Of course, that’s great for the slaves, but what about the other master? Simple: treat it as a slave to start, then create the replication account on the second master per #2 above. Assuming still no changes going on, do #3 on the second master. Then, on the first master, make it a slave per #5 above.
Creating the second set of slaves is essentially the same as above. The big key is to ensure that no changes are occurring on either master at steps 3 & 4.
So, how do I know if my masters and slaves are truly in sync?
Actually, take a look at the CHECKSUM TABLE MySQL command. I hacked together (meaning the code works perfectly fine but I don’t consider it worthy enough to include here) a Nagios check that uses this command on a master and slave. Note that if the check runs at just the wrong time, there’s a possibility of the checksums being different. If you’re building your tables from scratch, I would strongly recommend that you create them with CHECKSUM=1 as an option to speed up the query.

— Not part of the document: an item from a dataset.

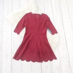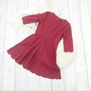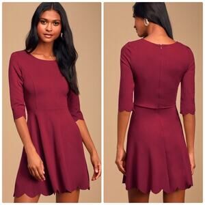 High in the sky and beautifully billowy, it's no wonder the Lulus Cumulonimbus Clouds Burgundy Skater Dress is named after a powerful storm cloud! Princess seams run down the flattering, stretch-knit bodice and into a fitted waist, before splaying out in a skater skirt. Flirty scalloped detailing adorns the hems at both the three-quarter sleeves and the twirl-worthy skirt! Hidden zipper.
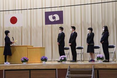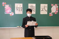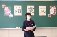 始業式後の新学年の抱負発表。生徒たちは、学習や部活動へ熱い意欲を述べました。

Here’s a script I wrote to test that:
#!/bin/sh /bin/rm -f /usr/local/var/mysql/(db-to-check).sql /usr/bin/mysqldump --skip-extended-insert --database (db-to-check) \ -u root --password=(DANGER! PW IN PLAIN TEXT!) | \ grep INSERT > /usr/local/var/mysql/(db-to-check).sql /usr/bin/md5sum /usr/local/var/mysql/(db-to-check).sql “–skip-extended-insert” puts each row on it’s own INSERT line, which makes life easier if you run into issues and want to diff or sdiff a couple of files and compare them. The “grep INSERT” is used as there can be comments or other data in the raw mysqldump of a database that will never match up between a master and a slave … but at the very least, the collection of INSERT lines should match. Run this script on a master and a slave at roughly the same time (assuming no update or insert has occurred between the two executions) and they should spit out the same MD5 signature. If they don’t … well, that’s how I figured out I was missing updates on slaves from the “other” master.
Please note: If you have a MySQL 5.0 master and copy the data to a MySQL 5.1 slave, after copying your db and mysql data to the slave and restarting MySQL on the slave, run:
mysql_fix_privilege_tables --user=root --password=(your root pass) --verbose
It will dump a lot of info that’s probably not that important. 5.1 includes additional info tables that are not there in 5.0. Failure to run this will cause error messages somewhere along the line (probably at the “CHANGE MASTER” stage).